Start of RECORDED DATA

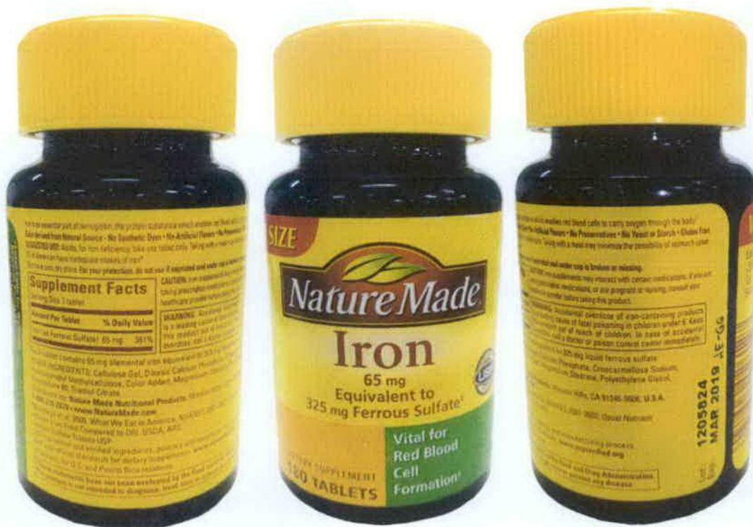
Figure 2. Unregistered Nature Made Iron 65 mg
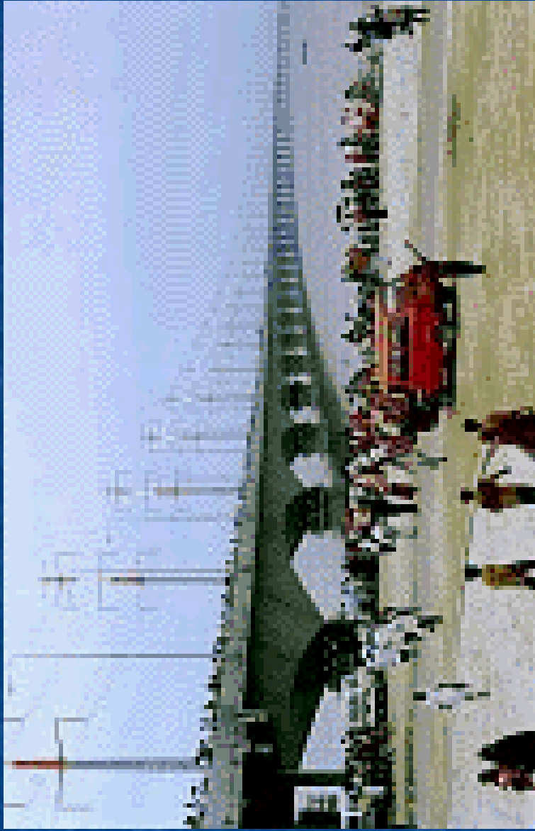
Jamuna Multipurpose Bridge
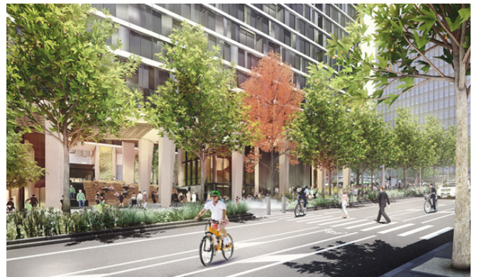
Artist impression of new park on Market Street

In September this year, Council endorsed a proposal to make the new Market Street Park a smoke-free area. New bins with 'no smoking' signage will be installed by the end of the year to remind users that smoking is prohibited in the open space.
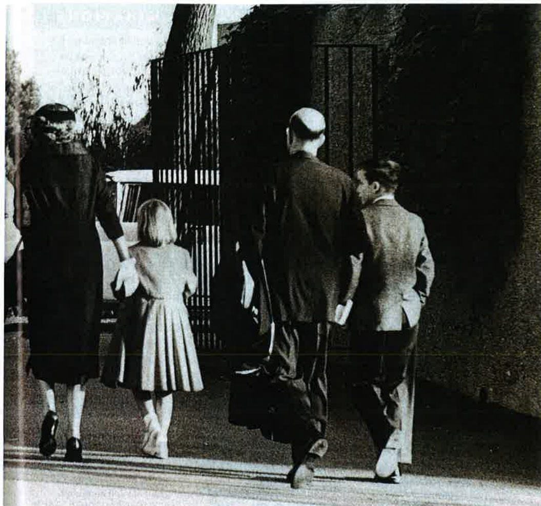
Greek Theatre after his inauguration as president of the University of California on September 29, 1958.

A PUBLIC MEMORIAL FOR CLARK KERR WILL BE HELD AT 3 P.M. ON FEBRUARY 20 AT ZELLERBACH AUDITORIUM. THE PUBLIC IS INVITED TO ATTEND.

End of RECORDED DATA

▸ **WORK REQUEST**: Copy out each line of the listing that holds "September".

▸ **EXERCISE RESULT**:
In September this year, Council endorsed a proposal to make the new Market Street Park a smoke-free area. New bins with 'no smoking' signage will be installed by the end of the year to remind users that smoking is prohibited in the open space.
Greek Theatre after his inauguration as president of the University of California on September 29, 1958.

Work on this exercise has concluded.